Un geste social sous haute tension
Dans un contexte de crise des finances publiques et de tensions sociales persistantes, le gouvernement Lecornu II tente de redorer son image en annonçant une revalorisation de la prime d'activité. Une mesure qui, bien que saluée par la gauche, suscite des critiques virulentes de la part des syndicats et des observateurs.
Un virage politique opportuniste ?
Vendredi 16 janvier, Sébastien Lecornu a dévoilé une série de mesures censées « faire en sorte que le travail paie plus ». Parmi elles, la hausse de la prime d'activité, un dispositif visant à soutenir les ménages les plus précaires. Une annonce qui intervient alors que le gouvernement fait face à des difficultés budgétaires et à une opposition grandissante.

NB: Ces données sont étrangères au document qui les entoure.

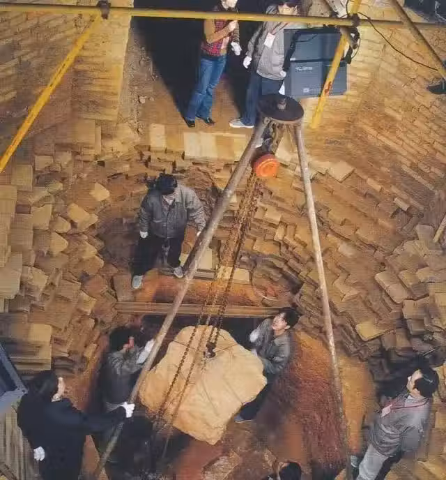 這塊頂石並不算巨大,但其重量卻達到了750公斤左右,如此重量定然不是人能夠搬動的,於是他們架起了能夠稱重三噸的滑輪組,對其進行搬運,並在巨石剛被搬開之時,就在下面墊上了不少的鋼管,防止滑輪組出現故障。
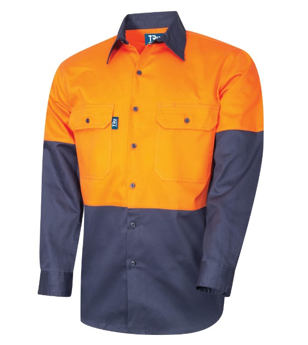 TRU WORKWEAR Regular Weight Hi Vis 100% Cotton Drill Shirt 190gsm L/S
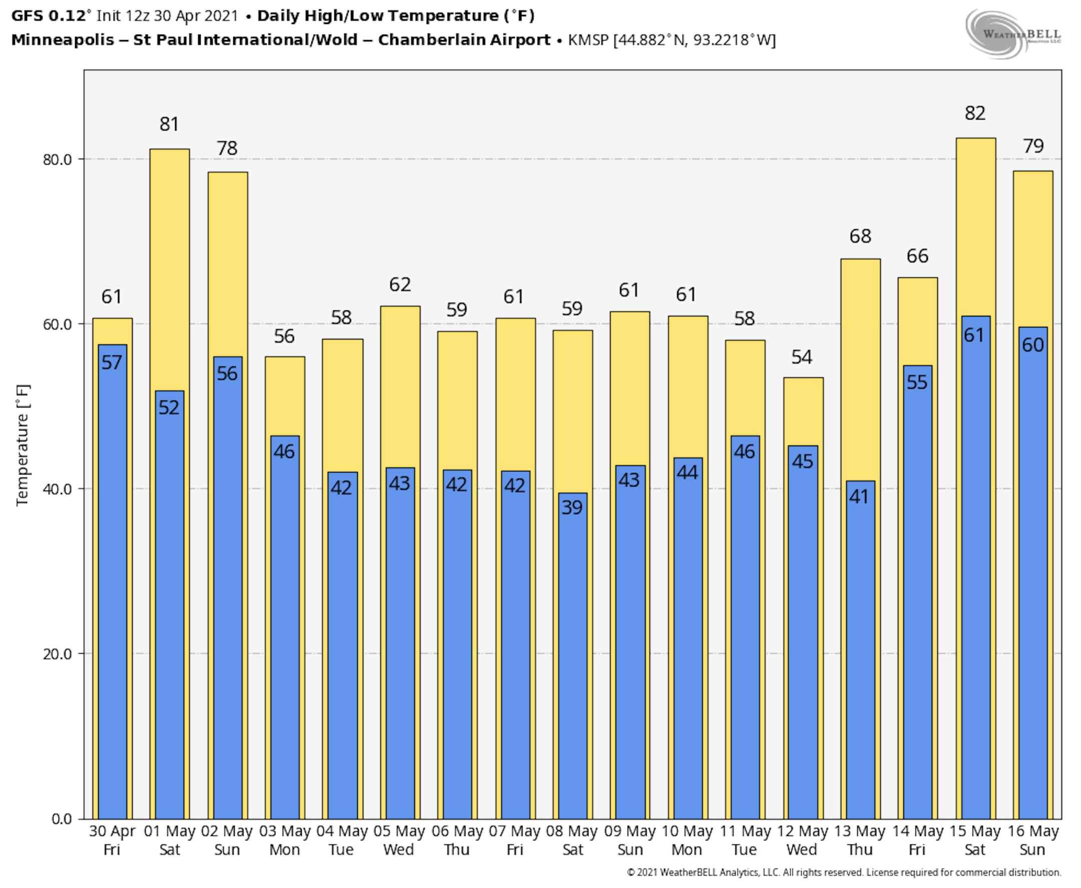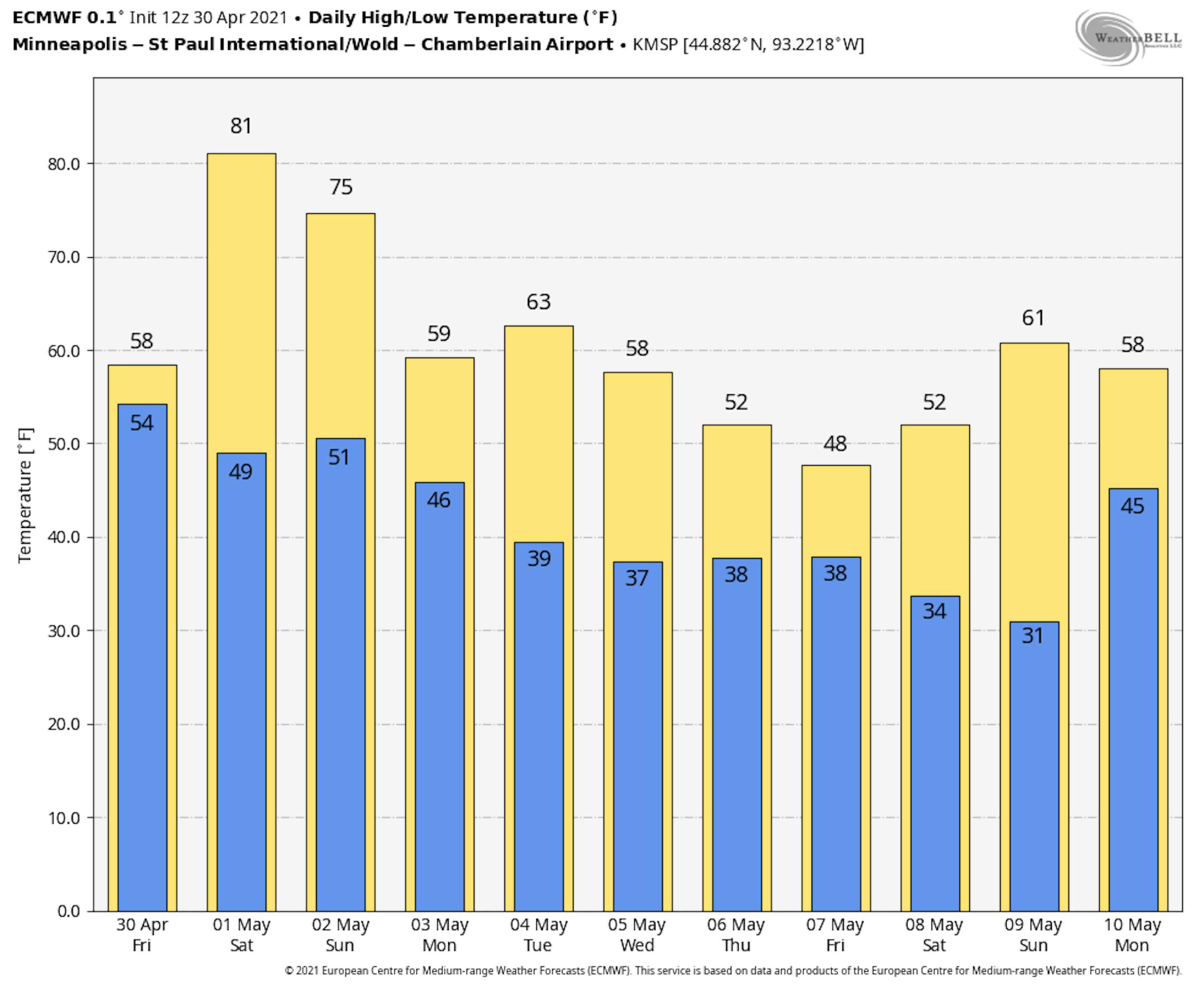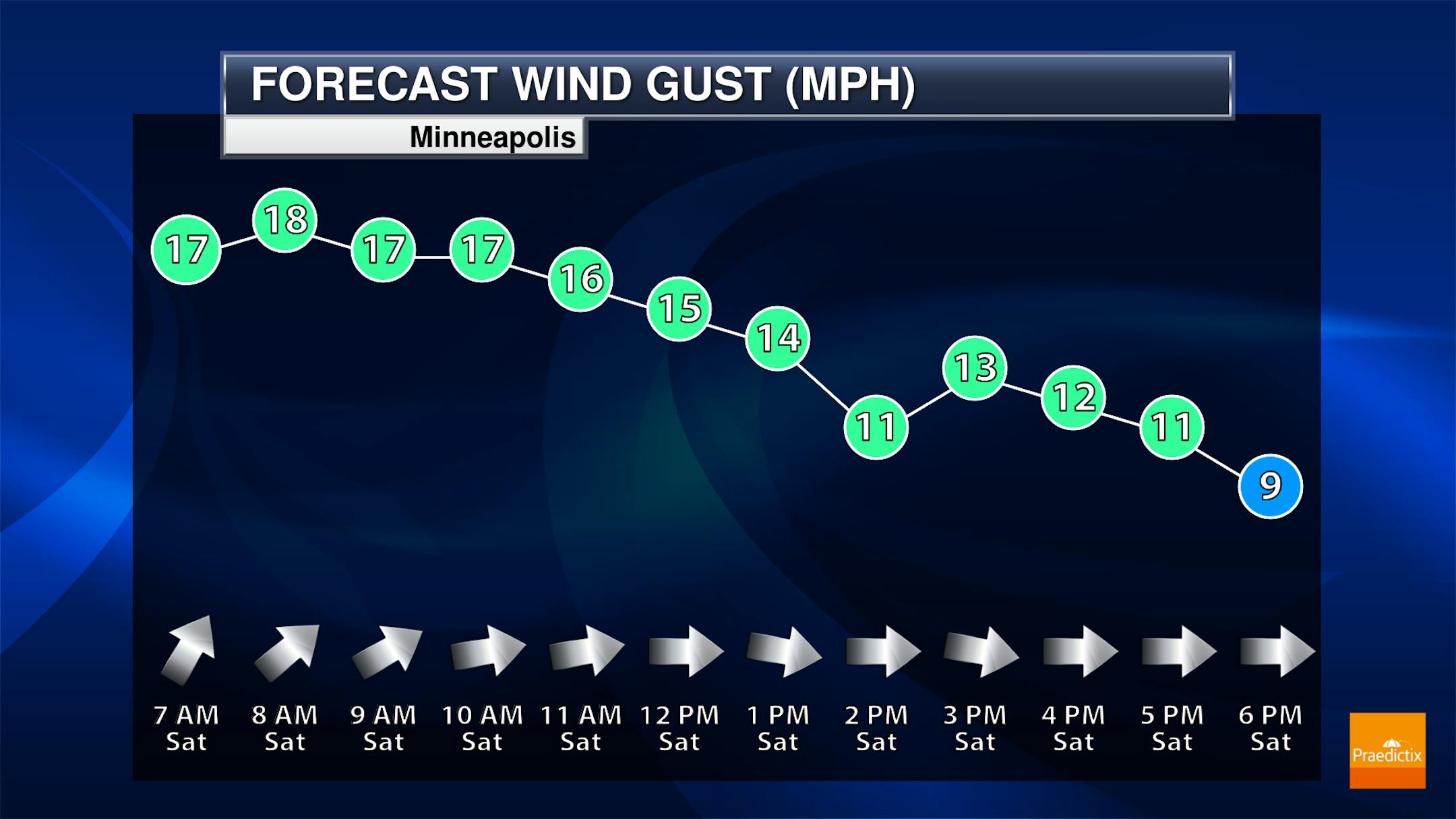 Here are the meteorgrams for Minneapolis on Saturday. Note that temps will warm quickly into the 70s by midday with reading topping out in the 80s by the afternoon. West to southwestern winds will be gusty up to 15mph to 20mph at times.

Initialement, le projet de loi prévoyait un « recentrage sur les travailleurs les plus modestes », une mesure jugée « une erreur » par le Premier ministre lui-même. Un revirement qui laisse penser à une stratégie électorale en vue des échéances de 2027.
3 millions de ménages concernés, mais pour quel impact ?
Selon Matignon, cette revalorisation bénéficierait à plus de 3 millions de foyers, avec une augmentation moyenne de 50 euros par mois. Une somme modeste, mais qui pourrait, selon les partisans du gouvernement, « améliorer le pouvoir d'achat » des travailleurs gagnant entre un SMIC et 1,4 SMIC.
Cependant, les syndicats restent sceptiques.
« Une hausse dérisoire face à l'inflation galopante et aux difficultés croissantes des ménages », dénonce un représentant de la CGT. Une critique partagée par les partis de gauche, qui y voient une « mesure cosmétique » destinée à masquer l'échec des politiques sociales du gouvernement.
Un budget 2026 sous le signe de l'austérité
Cette annonce intervient alors que la France traverse une crise économique profonde, avec des finances publiques fragilisées par les dépenses post-Covid et les tensions géopolitiques. Le coût de cette mesure, estimé à 2 milliards d'euros, pourrait alourdir un budget déjà sous pression.
Du côté de l'opposition, les réactions sont vives. Marine Le Pen dénonce un « cadeau aux assistés », tandis que Jean-Luc Mélenchon accuse le gouvernement de « jouer avec les vies des travailleurs ». Une polarisation qui reflète les divisions d'une France en pleine crise démocratique.
Un enjeu européen et social
Dans un contexte marqué par les réformes sociales en Europe, cette mesure s'inscrit dans une dynamique plus large. La France, souvent critiquée pour son « laxisme budgétaire », tente de se rapprocher des standards européens en matière de protection sociale. Une démarche saluée par Bruxelles, mais qui peine à convaincre les citoyens.
Alors que la guerre des droites fait rage en France, cette annonce pourrait bien devenir un nouvel enjeu politique. Entre promesses électorales et réalités économiques, le gouvernement Lecornu joue un pari risqué, qui pourrait bien se retourner contre lui.